As the debt is repaid, shares are released from collateral and allocated to
participants, based on the proportion of debt service paid in the year. The
third-party debt of the ESOP is recorded as long-term debt and the shares
pledged as collateral are reported as unearned ESOP shares in the Balance Sheet.
As shares are released from collateral, the Company reports compensation expense
equal to the current market price of the shares, and the shares become
outstanding for earnings-per-share computations. Dividends on allocated ESOP
shares are recorded as a reduction of retained earnings; available dividends on
unallocated ESOP shares are recorded as a reduction of debt and accrued
interest. ESOP compensation expense was $3.9 million in 2002 ($2.6 million in
2001; $2.3 million in 2000).
YEAR ENDED DECEMBER 31 2002 2001 2000
================================================================================
MILLIONS
Shares
Allocated Shares 3.8 3.9 3.9
Unreleased Shares 3.7 4.0 4.2
- --------------------------------------------------------------------------------
Total ESOP Shares 7.5 7.9 8.1
- --------------------------------------------------------------------------------
Fair Value of Unreleased Shares $84.0 $100.3 $104.6
================================================================================
STOCK OPTION AND AWARD PLANS. We have an Executive Long-Term Incentive
Compensation Plan (Executive Plan) and a Director Long-Term Stock Incentive Plan
(Director Plan). The Executive Plan allows for the grant of up to 9.7 million
shares of our common stock to key employees. To date, these grants have taken
the form of stock options, performance share awards and restricted stock awards.
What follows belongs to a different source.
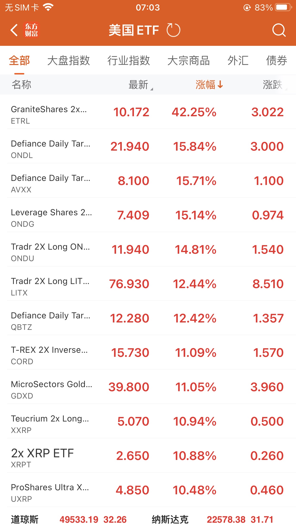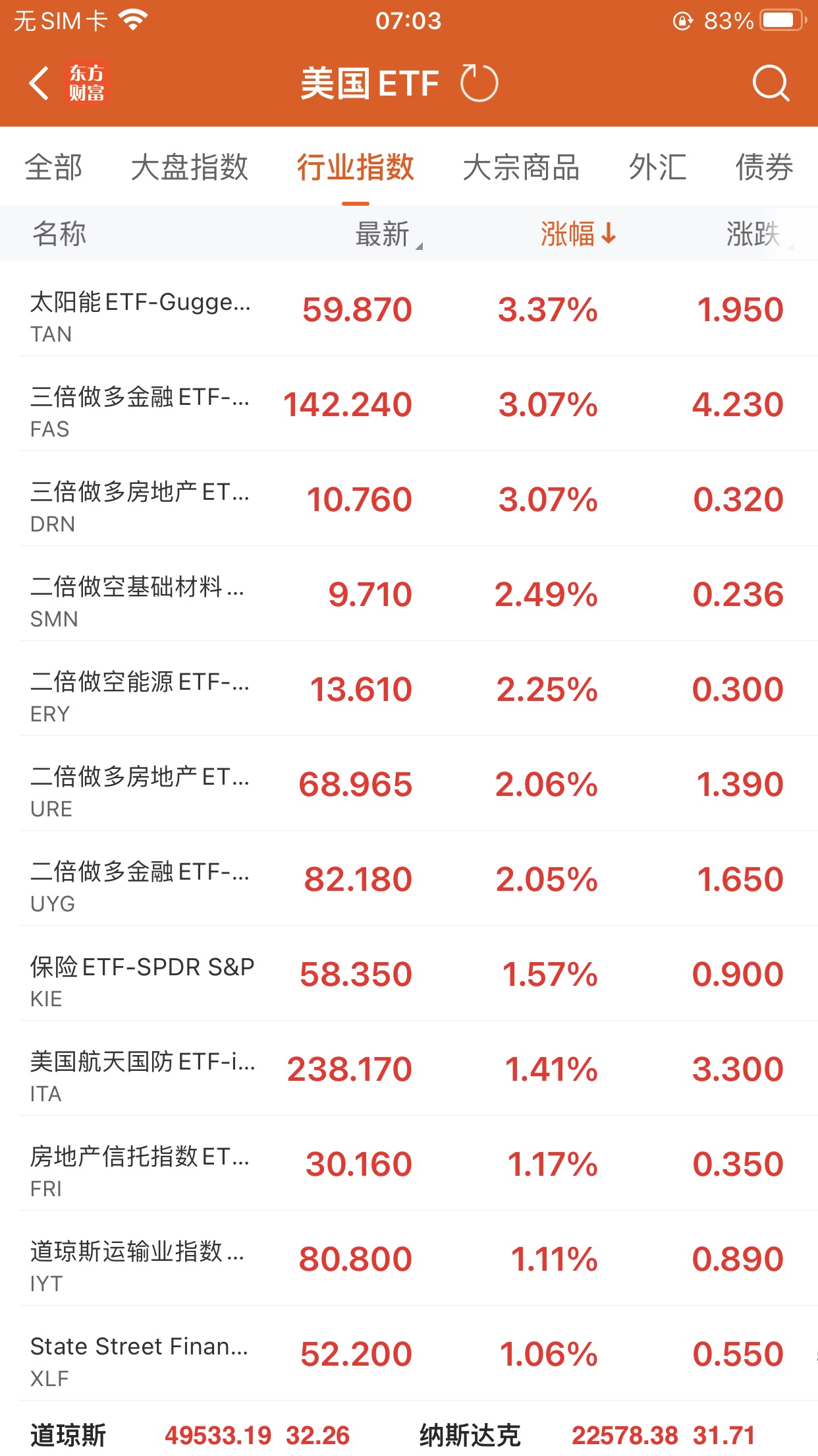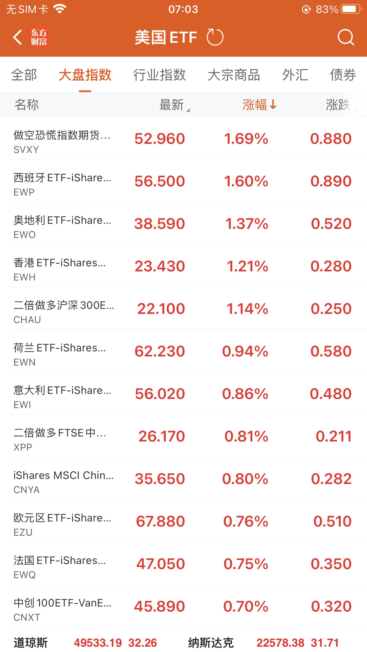 美股大型指数ETF升幅榜Top5

The Director Plan allows for the grant of up to 0.3 million shares of our common
stock to nonemployee directors. Each nonemployee director receives an annual
grant of 1,500 stock options and a biennial grant of performance shares equal to
$10,000 in value of common stock at the date of grant. Stock options are
exercisable at the market price of common shares on the date the options are
granted, and vest in equal annual installments over two years with expiration
ten years from the date of grant. Performance shares are earned over multi-year
time periods and are contingent upon the attainment of certain performance goals
of ALLETE. Restricted stock vests once certain periods of time have elapsed. At
December 31, 2002 4.3 million and 0.2 million shares were held in reserve for
future issuance under the Executive Plan and Director Plan, respectively.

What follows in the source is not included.